The reaction from other quarters isn’t always positive, Lane says.
“Some people have this knee-jerk reaction to [hair art]; they think it’s inherently gross, disgusting or dirty. People can’t explain why they feel that way, it’s so out of the ordinary in our everyday lives, people find it disturbing.”
However, as Lane points out to naysayers, while keepsakes and artwork crafted from hair has gone out of fashion, keeping our lost locks is already ingrained in our culture.
“I’ll ask, did your parents save your first haircut? And they’ll say yes, and then they think, maybe we do have a culture of saving our hair and maybe it’s not as weird as we thought.
“Almost every parent I know has saved their baby’s first haircut, although they keep it in an envelope or between the pages of a book in a drawer. I can’t tell you how many people have said, I still have my ponytail sitting in my wardrobe and I thought I was weird.
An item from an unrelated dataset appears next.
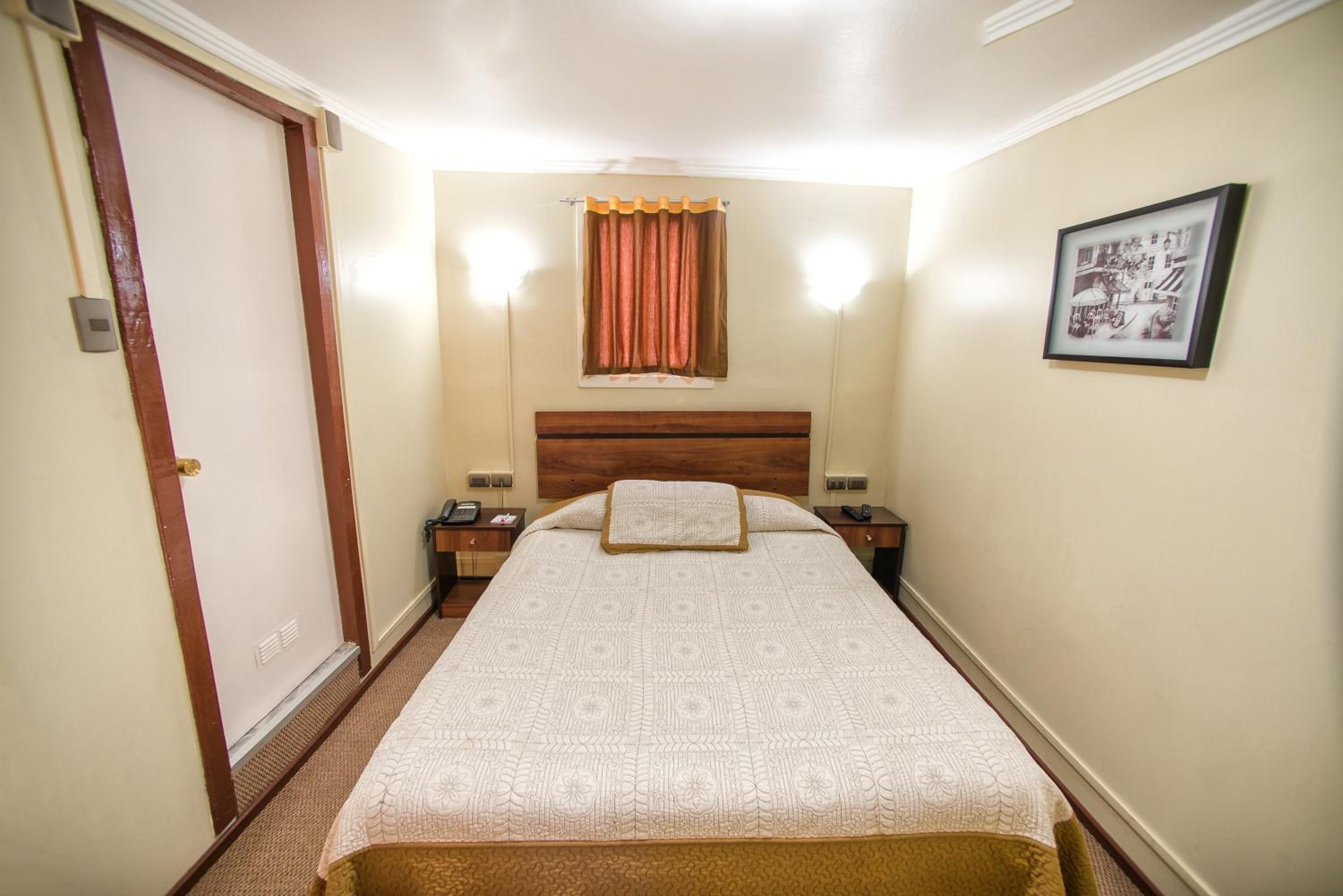 Excelente experiencia, es un hotel de 3 estrellas, su personal muy amable, todo limpio, la habitación cuenta con ventilador. En la mañana hasta las 10 un muy buen desayuno, te dan un sándwich con jamón, envuelto en una bolsita individual, con yogurt, pero aparte en el comedor te sirves lo que quieras, café, té, leche, jugos, avena, cereales a tu gusto, miel, mermelada, quesillo,fruta fresca, postre, etc... Súper completo. Ubicado en pleno centro, a pocas cuadras de la torre Entel. Me encantó, volvería sin pensarlo.

So many people do that, we just don’t have that same artistic use.”
Despite constantly complaining of pain as a child, Lane wasn’t diagnosed with Ehlers Danlos until her early 20s, when she tapped into online communities and connected her symptomatic dots.
“As long as I could talk, I would tell people I was in pain. My entire life I knew there was something wrong.
“As long as I could talk, I would tell people I was in pain. My entire life I knew there was something wrong. It wasn’t just dislocations, I would get infections and illnesses more often, respiratory issues, lots of fatigue, not just one thing. But nobody was looking at all symptoms as a whole.”
Today, her symptoms fluctuate. On bad days, when her dizziness or weak ankles play up she walks with a cane.
For Lane, her art and her condition are closely entwined. Growing up without the buffer of health and invincibility experienced by most of her peers shaped her, she says.
“Many healthy young people haven’t begun to understand their own mortality, or fleeting time on this earth. I do not have as much of a fear of death as some of my peers. It’s helped me grow as a person and as a mortal being.”
“I may be in pain, sick or injured, but one day it will be over,” she says. “I learned early on what I love about life, and what I need to get out of it. It has made me a better person overall.”